[ASSIGNMENT]
Going through the material below, output exactly the lines from the one containing "Stylový stojan na" through the one containing "Любознателните малчугани с", and no pictures.

━━ RECORDS FOR THIS TASK

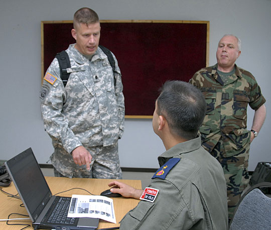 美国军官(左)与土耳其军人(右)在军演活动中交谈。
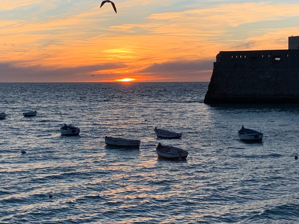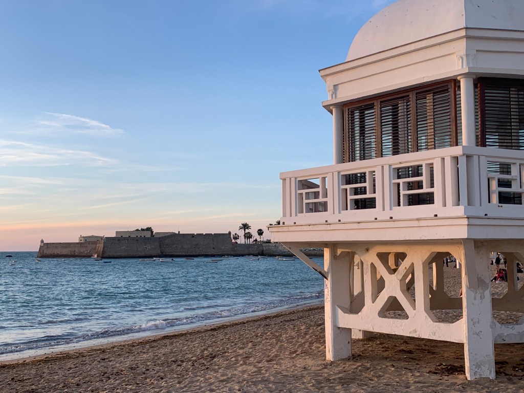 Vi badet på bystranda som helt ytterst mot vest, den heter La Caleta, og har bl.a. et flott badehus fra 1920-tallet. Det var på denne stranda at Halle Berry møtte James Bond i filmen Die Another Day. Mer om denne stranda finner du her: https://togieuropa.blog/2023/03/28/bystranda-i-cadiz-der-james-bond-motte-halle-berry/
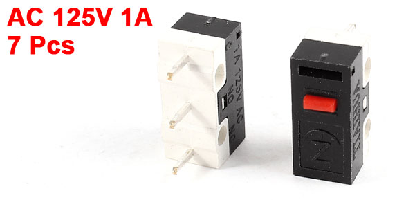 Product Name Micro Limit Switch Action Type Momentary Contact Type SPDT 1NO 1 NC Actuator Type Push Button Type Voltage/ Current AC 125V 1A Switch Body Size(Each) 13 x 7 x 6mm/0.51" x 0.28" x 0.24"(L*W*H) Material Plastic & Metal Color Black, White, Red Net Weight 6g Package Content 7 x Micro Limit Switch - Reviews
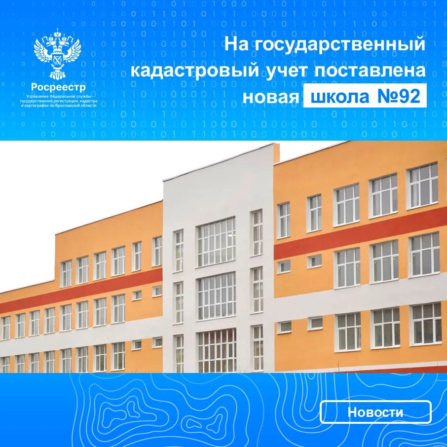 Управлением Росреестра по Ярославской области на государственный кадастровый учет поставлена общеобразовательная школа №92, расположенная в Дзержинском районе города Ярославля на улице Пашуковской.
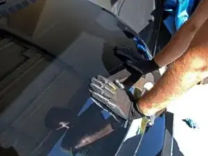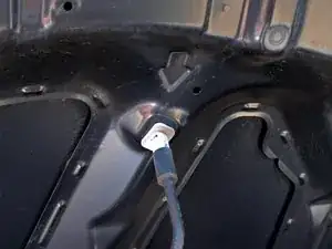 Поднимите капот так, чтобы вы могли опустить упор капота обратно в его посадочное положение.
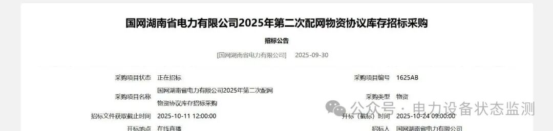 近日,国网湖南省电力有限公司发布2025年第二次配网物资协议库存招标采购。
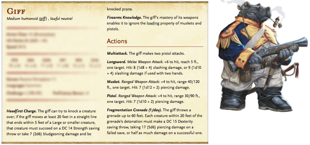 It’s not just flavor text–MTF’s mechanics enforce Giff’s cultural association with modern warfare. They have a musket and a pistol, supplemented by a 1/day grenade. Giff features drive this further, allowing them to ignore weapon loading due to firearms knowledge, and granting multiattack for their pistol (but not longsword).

━━━━
━━ RECORDS FOR THIS TASK

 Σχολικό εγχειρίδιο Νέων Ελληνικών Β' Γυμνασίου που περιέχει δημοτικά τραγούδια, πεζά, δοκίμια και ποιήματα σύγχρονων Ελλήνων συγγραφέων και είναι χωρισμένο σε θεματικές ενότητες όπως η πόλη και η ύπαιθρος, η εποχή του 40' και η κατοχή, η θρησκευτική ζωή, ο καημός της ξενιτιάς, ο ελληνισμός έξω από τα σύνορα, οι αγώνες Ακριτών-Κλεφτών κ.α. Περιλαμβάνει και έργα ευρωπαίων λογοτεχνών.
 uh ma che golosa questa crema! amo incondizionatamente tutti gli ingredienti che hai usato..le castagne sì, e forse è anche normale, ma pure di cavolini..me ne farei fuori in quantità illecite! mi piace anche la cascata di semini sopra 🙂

━━━━
━━ RECORDS FOR THIS TASK

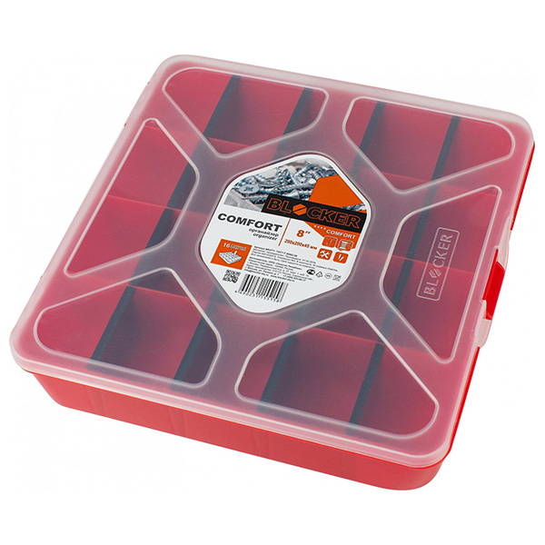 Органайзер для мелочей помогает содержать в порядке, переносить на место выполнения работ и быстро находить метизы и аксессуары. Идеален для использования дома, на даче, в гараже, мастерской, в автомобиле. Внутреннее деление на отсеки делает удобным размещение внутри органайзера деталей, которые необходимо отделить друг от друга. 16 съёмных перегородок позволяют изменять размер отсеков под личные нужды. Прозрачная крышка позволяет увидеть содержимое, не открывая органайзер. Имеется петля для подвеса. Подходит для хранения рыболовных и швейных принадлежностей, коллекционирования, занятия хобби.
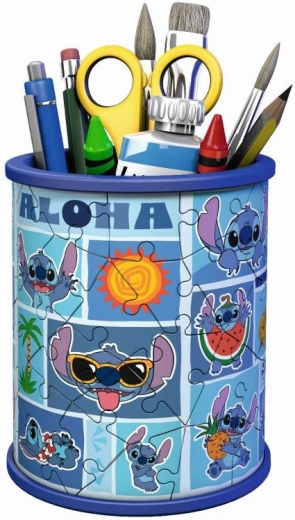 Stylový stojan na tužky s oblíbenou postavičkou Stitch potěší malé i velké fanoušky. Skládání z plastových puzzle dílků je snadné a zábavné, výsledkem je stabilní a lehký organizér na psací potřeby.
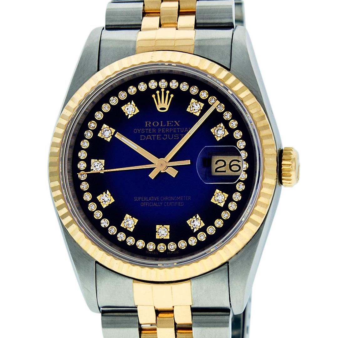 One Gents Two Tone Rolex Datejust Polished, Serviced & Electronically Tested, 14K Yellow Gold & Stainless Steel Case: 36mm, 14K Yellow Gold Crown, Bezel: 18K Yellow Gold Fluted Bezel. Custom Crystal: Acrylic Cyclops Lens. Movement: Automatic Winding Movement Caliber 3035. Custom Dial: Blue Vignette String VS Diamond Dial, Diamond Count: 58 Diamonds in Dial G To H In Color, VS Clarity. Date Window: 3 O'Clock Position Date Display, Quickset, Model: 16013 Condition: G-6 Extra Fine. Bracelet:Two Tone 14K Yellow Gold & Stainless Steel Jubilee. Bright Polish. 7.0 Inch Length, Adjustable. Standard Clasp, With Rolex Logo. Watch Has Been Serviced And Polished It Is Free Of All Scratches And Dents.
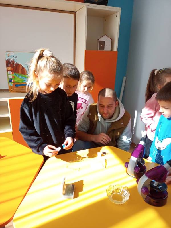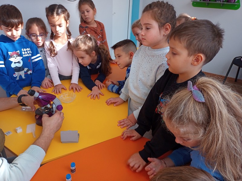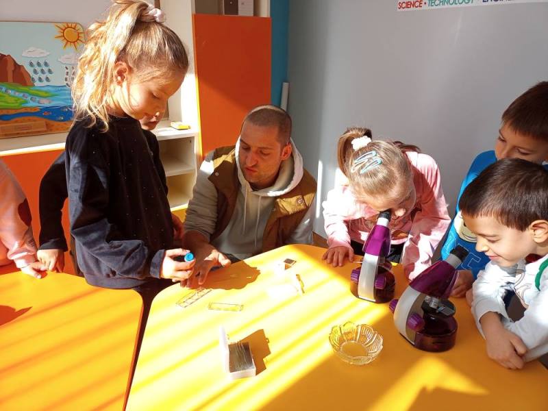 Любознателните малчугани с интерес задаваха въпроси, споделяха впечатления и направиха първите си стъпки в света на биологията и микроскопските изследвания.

━━━━

[ANSWER SECTION]
 Stylový stojan na tužky s oblíbenou postavičkou Stitch potěší malé i velké fanoušky. Skládání z plastových puzzle dílků je snadné a zábavné, výsledkem je stabilní a lehký organizér na psací potřeby.
 One Gents Two Tone Rolex Datejust Polished, Serviced & Electronically Tested, 14K Yellow Gold & Stainless Steel Case: 36mm, 14K Yellow Gold Crown, Bezel: 18K Yellow Gold Fluted Bezel. Custom Crystal: Acrylic Cyclops Lens. Movement: Automatic Winding Movement Caliber 3035. Custom Dial: Blue Vignette String VS Diamond Dial, Diamond Count: 58 Diamonds in Dial G To H In Color, VS Clarity. Date Window: 3 O'Clock Position Date Display, Quickset, Model: 16013 Condition: G-6 Extra Fine. Bracelet:Two Tone 14K Yellow Gold & Stainless Steel Jubilee. Bright Polish. 7.0 Inch Length, Adjustable. Standard Clasp, With Rolex Logo. Watch Has Been Serviced And Polished It Is Free Of All Scratches And Dents.
 Любознателните малчугани с интерес задаваха въпроси, споделяха впечатления и направиха първите си стъпки в света на биологията и микроскопските изследвания.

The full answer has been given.